Creating a 'one-stop shop' for infrastructure investment, the deal merges GIP's specialised expertise with BlackRock's extensive network, aiming to serve a wide range of clients with a $150 billion portfolio. This strategic alliance is set to deliver unmatched solutions across equity, debt, and beyond, establishing new industry standards for infrastructure investment and diversification. 


Risks and Uncertainties


The asset manager will have to contend with global economic uncertainties. Larry Fink, BlackRock’s global chief, argues that infrastructure offers stable returns and large profits. However, as Reuters notes, the current economic climate is one of tight monetary policy. The problem this presents is that infrastructure projects are often heavily leveraged, and while low interest rates in the early 2000s allowed projects to take on more debt and better handle setbacks, the same cannot be said for the post-Covid era. Similarly, infrastructure assets - being stable, cash generative and expected to last a long time - are often sensitive to interest rate changes, in comparison with global equities. 

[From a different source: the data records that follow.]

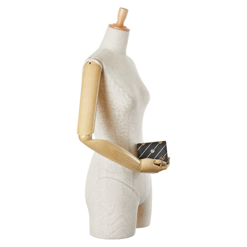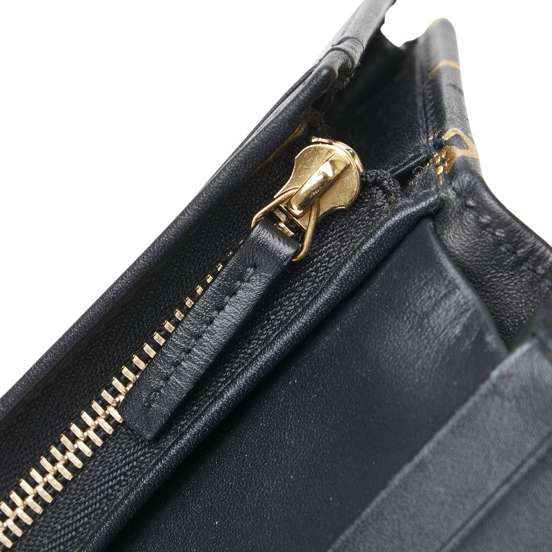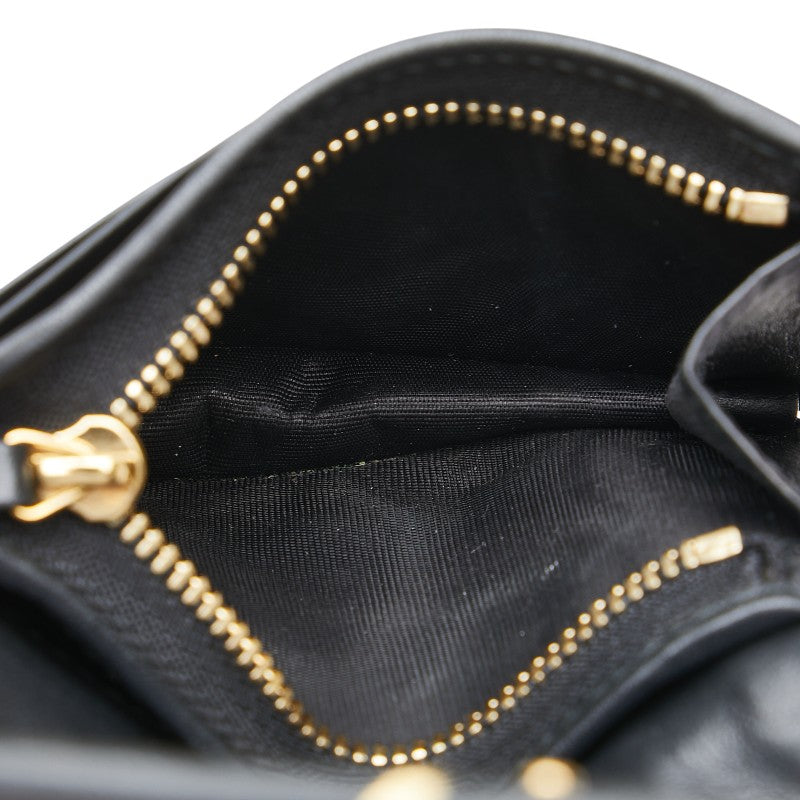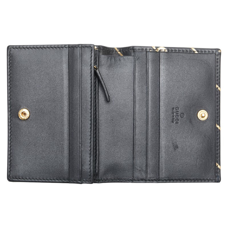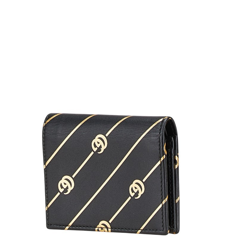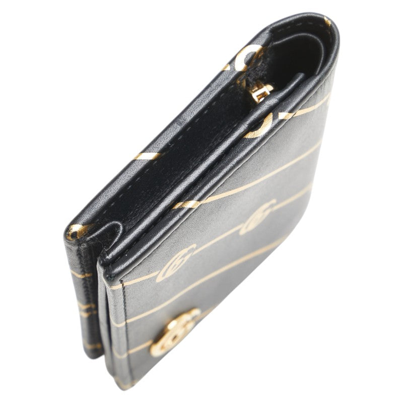 グッチ 二つ折り財布 コンパクトウォレット 548071 ブラック ゴールド レザー レディース GUCCI 【中古】
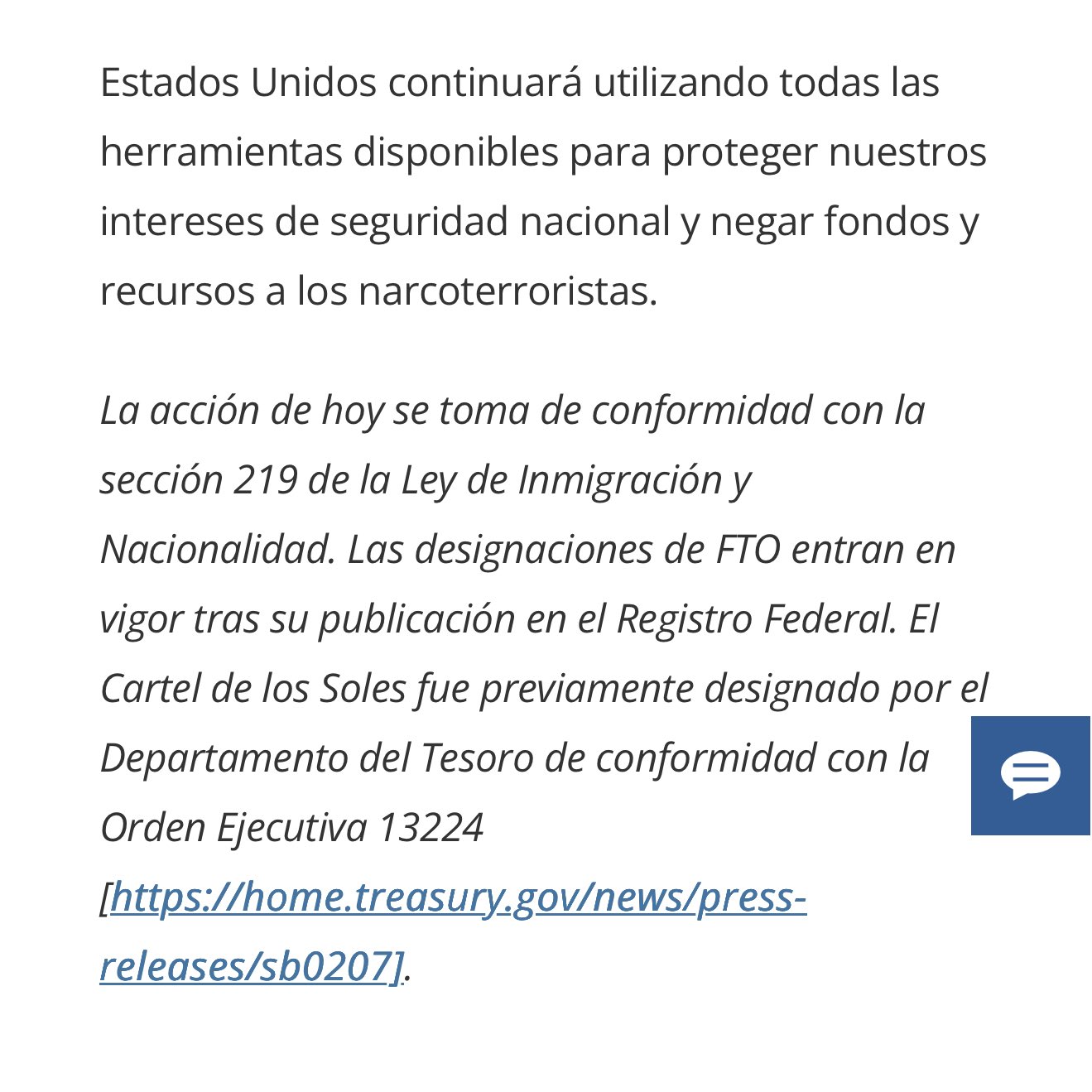La nota del alto funcionario estadounidense, señala que el Cártel de los Soles no solo participa en actividades de narcotráfico hacia Estados Unidos y Europa, sino que también es responsable de “actos de violencia terrorista” en colaboración con otras OTE ya designadas.
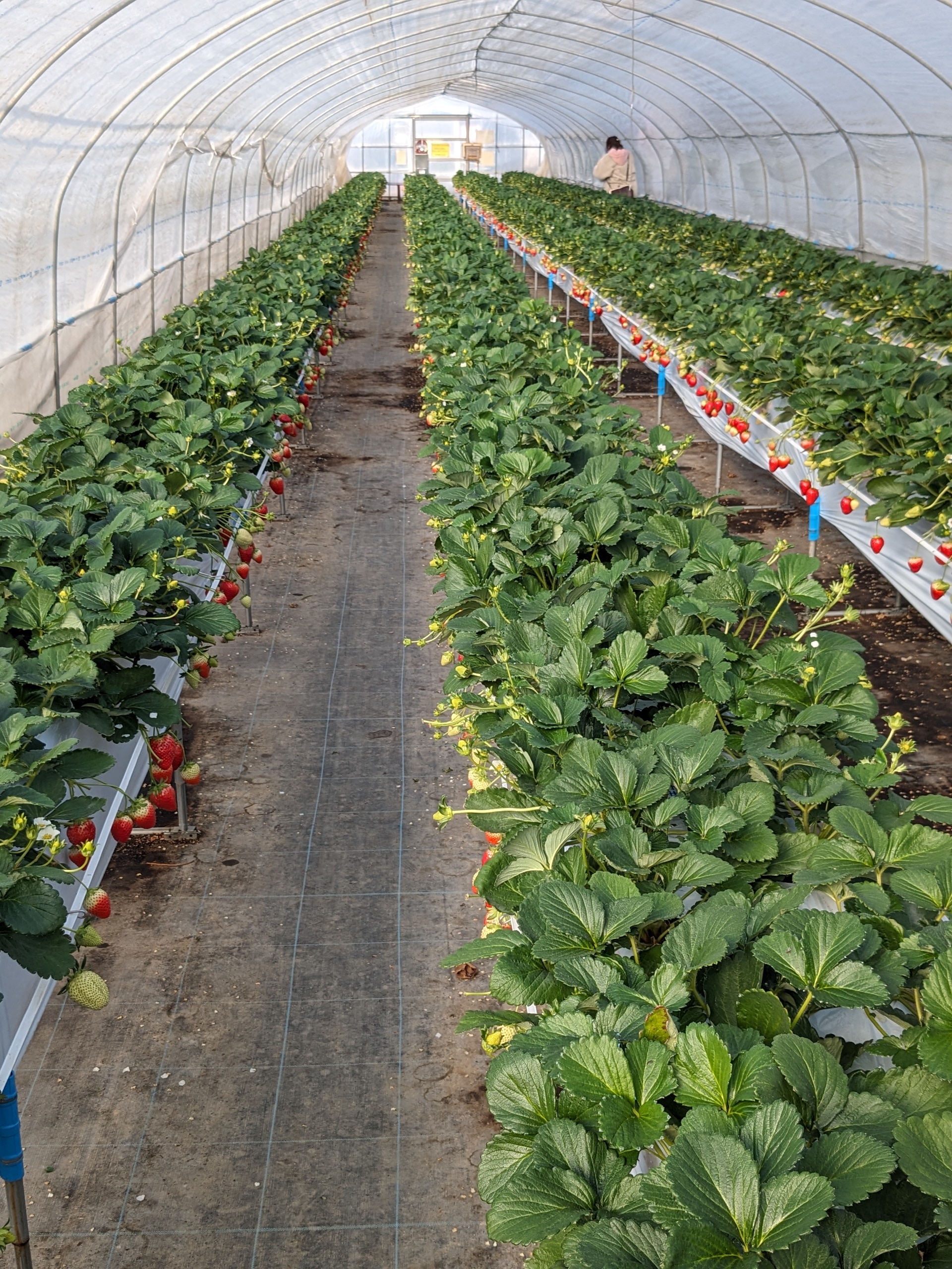 佐野観光農園では、「とちおとめ」、「とちあいか」、「スカイベリー」の3品種が栽培されており、気もそぞろに受付を済ませて暖かいビニールハウスに飛び込めば、そこは一面いちごのパラダイス!

The second risk is reputational. By acquiring Global Infrastructure Partners, BlackRock is acquiring a stake in heavily polluting projects, including oil pipelines and 3 UK airports. This risks alienating its ESG leaning investors. BlackRock had been championing a profit-motivated transition to greener investments and had been pushing its companies to improve their ESG credentials. However, the acquisition of GIP will likely raise questions about BlackRock’s stance on such issues in an environment where conscious investing has taken on more importance. It is the ambition of the UK and many EU countries to phase out fossil fuel usage by 2050.


Fink, however, sees this as an opportunity, saying "infrastructure is one of the most exciting long-term investment opportunities, as a number of structural shifts re-shape the global economy".